Incorporating all extant materially documented writing and text for Ulysses in the digital research site requires designing an encompassing reference framework. To this end, the reference grid of the critical and synoptic edition, which already organizes, too, the digital record, defines a point of departure. In print, what guides the use of the edition is the episode.line(.word) numbering established for its reading text. This has been identically maintained in all printed editions and has become the standard for referencing Ulysses. To design a reference framework and grid for the digital research site, this reference template could/should be adopted and carefully adapted so as to be rendered capable of coordinating and multi-directionally cross-referencing the digital research site entire. To organize and structure both input and access for interactive, dynamic and accretive use of the research site, it will on all accounts be necessary to conceive from the ground up a reference system stable and robust in itself as well as versatile in use applications. Should this require “backgrounding” rather than foregrounding the printed edition’s episode.line numbering, that numbering should nonetheless remain alive and re-generable so that, in principle, every stage of composition and prepublication revision becomes relatable to it, all pre- or post-publication stages become correlatable, and all the site’s response-text content accessible or attachable, through it. The internal reference system-to-be-devised will render the research site explorable; at the same time, it is the reference template of the episode.line numbering, though of print-medium origin, that will remain the cross-medial access key to the site for both the general and the specialist user.

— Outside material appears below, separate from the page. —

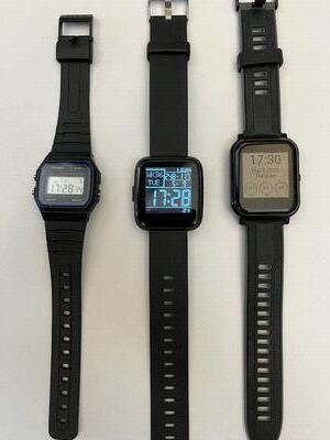 from left to right: Casio F-91W, PineTime, Bangle.js2

On the foundation of an encompassing and stable reference grid it will be possible to ingest and attach to the reference base as constituted by the Ulysses text (and textual materials) all manner of external material: digital document images (of autographs, typescripts, proof-sheets, auxiliary instructions), textual notes, natural-language response texts in divers groupings (historical and factual; discursive; critical; multi-medial; as well as dynamically interactive dialogical contributions). With all functions and content seminally in place, the site should within a mid-term foreseeable future be launchable for dynamically progressive interactive use.

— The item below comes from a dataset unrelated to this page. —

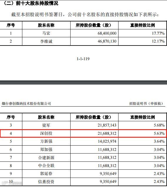 值得注意的是,睿创微纳的前十大股东中,以公司高管自然人股东居多,机构投资者中较为知名的是深创投,目前持有21688312 股,占股份睿创微纳股本总额的 5.63%,深创投于2018年4月2日和2018年12月26日分两次增资以定增的方式取得睿创微纳目前的股权。

[1] As earlier suggested in Hans Walter Gabler, “Thoughts on Scholarly Editing,” review of Securing the Past: Conservation in Art, Architecture, and Literature, by Paul Eggert, JLT Online (2011), http://nbn-resolving.de/urn:nbn:de:0222-001542. Reprint, Ecdotica 7 (2010), 105-127.

[2] According to Gérard Genette’s taxonomy of the elements of a book, interestingly enough, the title signaling the work for which the ensuing text stands, is itself a threshold into the book itself, and therefore belongs among the book’s paratexts, not to its text itself. See Genette, Seuils (Paris: Éditions du Seuil, 1987).

[3] James Joyce, Ulysses: A Critical and Synoptic Edition, ed. Hans Walter Gabler with Wolfhard Steppe and Claus Melchior, 3 vols. (New York: Garland Publishing Inc., 1984).

[4] In terms of traditional editorial conceptions and procedure, the “final working draft” is an “archetype” behind the fair copy and the typescript, and thus not a materially extant document. Its text however is inferable as a state-of-text jointly from the fair-copy and typescript texts for those episodes or stretches of episodes where the fair copy and the typescript inscriptions collaterally derive from it.

[5] See Michael Groden, “The National Library of Ireland’s New Joyce Manuscripts: An Outline and Archive Comparisons,” Joyce Studies Annual 14 (Summer 2003): 5-17.

[6] They are likely to provide rich testing ground for the TEI’s “Encoding Model for Genetic Editions.”